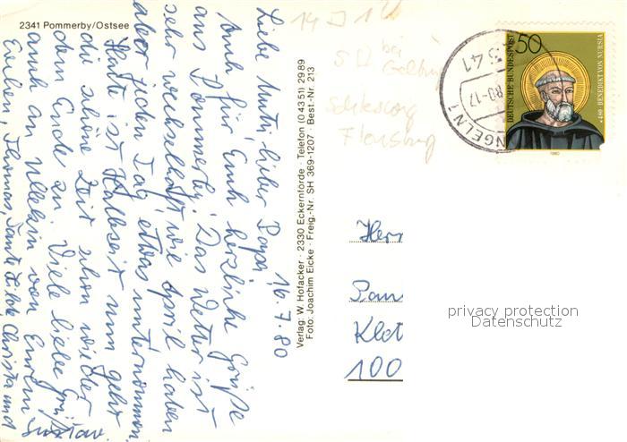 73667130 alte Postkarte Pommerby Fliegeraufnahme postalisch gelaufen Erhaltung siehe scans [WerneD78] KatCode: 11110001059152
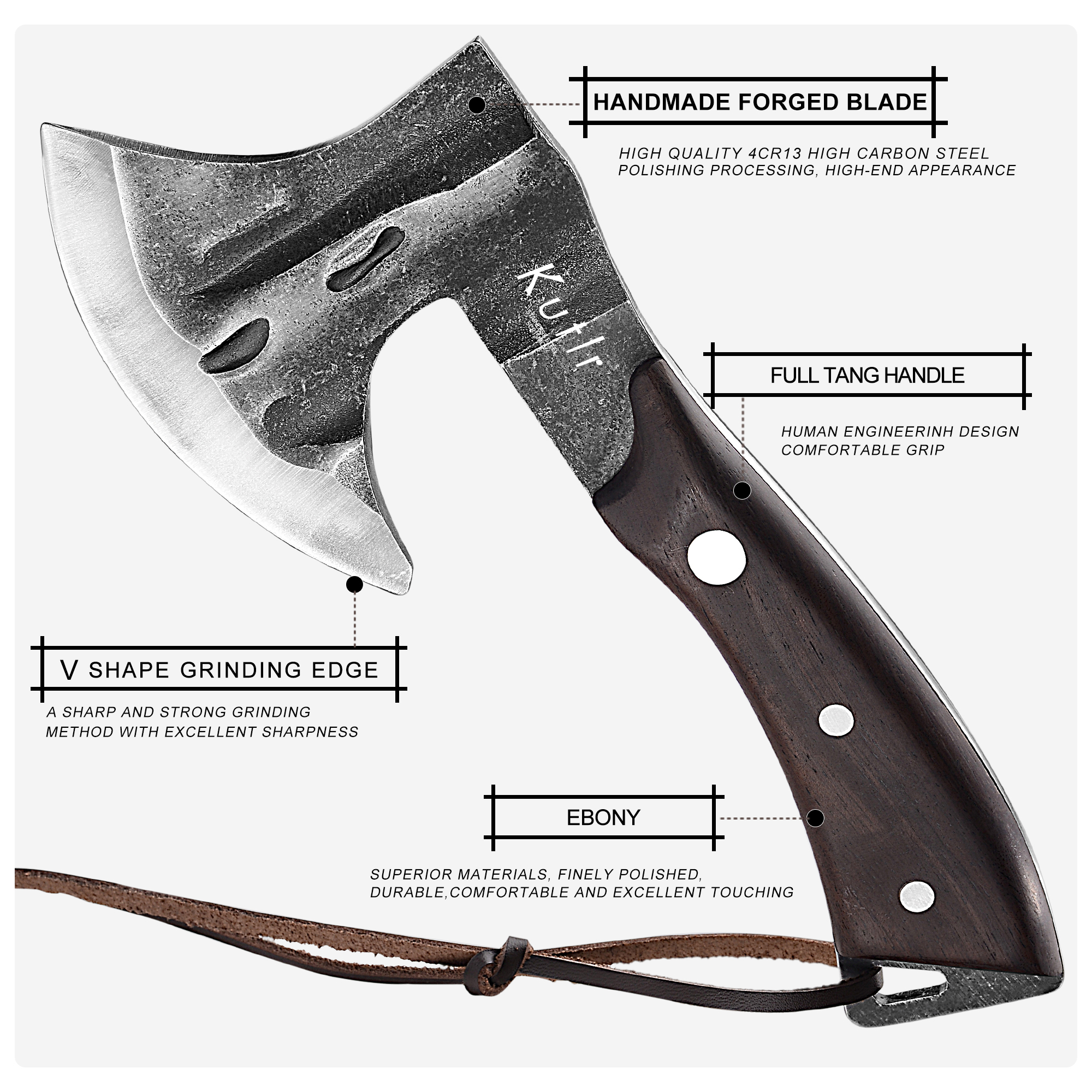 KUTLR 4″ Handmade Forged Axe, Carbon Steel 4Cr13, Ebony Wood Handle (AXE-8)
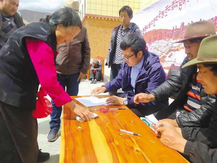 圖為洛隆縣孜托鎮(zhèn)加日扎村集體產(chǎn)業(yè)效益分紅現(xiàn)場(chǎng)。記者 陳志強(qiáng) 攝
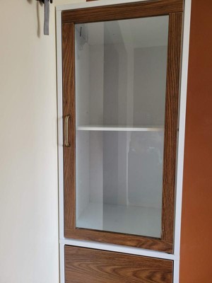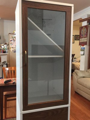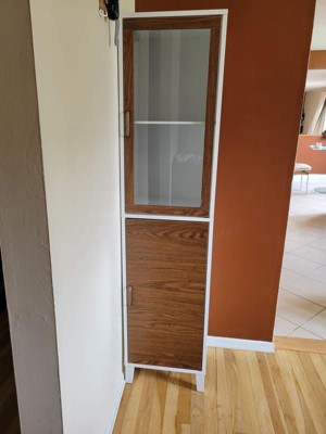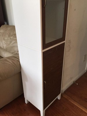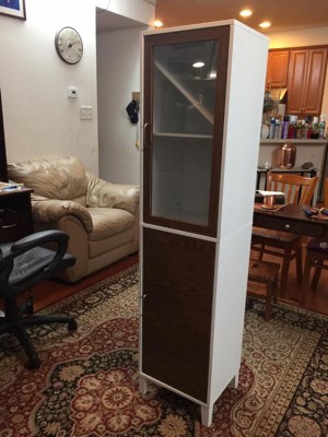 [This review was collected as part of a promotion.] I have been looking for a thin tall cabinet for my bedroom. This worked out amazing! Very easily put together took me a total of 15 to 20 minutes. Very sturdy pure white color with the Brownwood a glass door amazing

**Exercise**
Copy out the data above exactly, except the pictures.

**Final answer**
 73667130 alte Postkarte Pommerby Fliegeraufnahme postalisch gelaufen Erhaltung siehe scans [WerneD78] KatCode: 11110001059152
 KUTLR 4″ Handmade Forged Axe, Carbon Steel 4Cr13, Ebony Wood Handle (AXE-8)
 圖為洛隆縣孜托鎮(zhèn)加日扎村集體產(chǎn)業(yè)效益分紅現(xiàn)場(chǎng)。記者 陳志強(qiáng) 攝
 [This review was collected as part of a promotion.] I have been looking for a thin tall cabinet for my bedroom. This worked out amazing! Very easily put together took me a total of 15 to 20 minutes. Very sturdy pure white color with the Brownwood a glass door amazing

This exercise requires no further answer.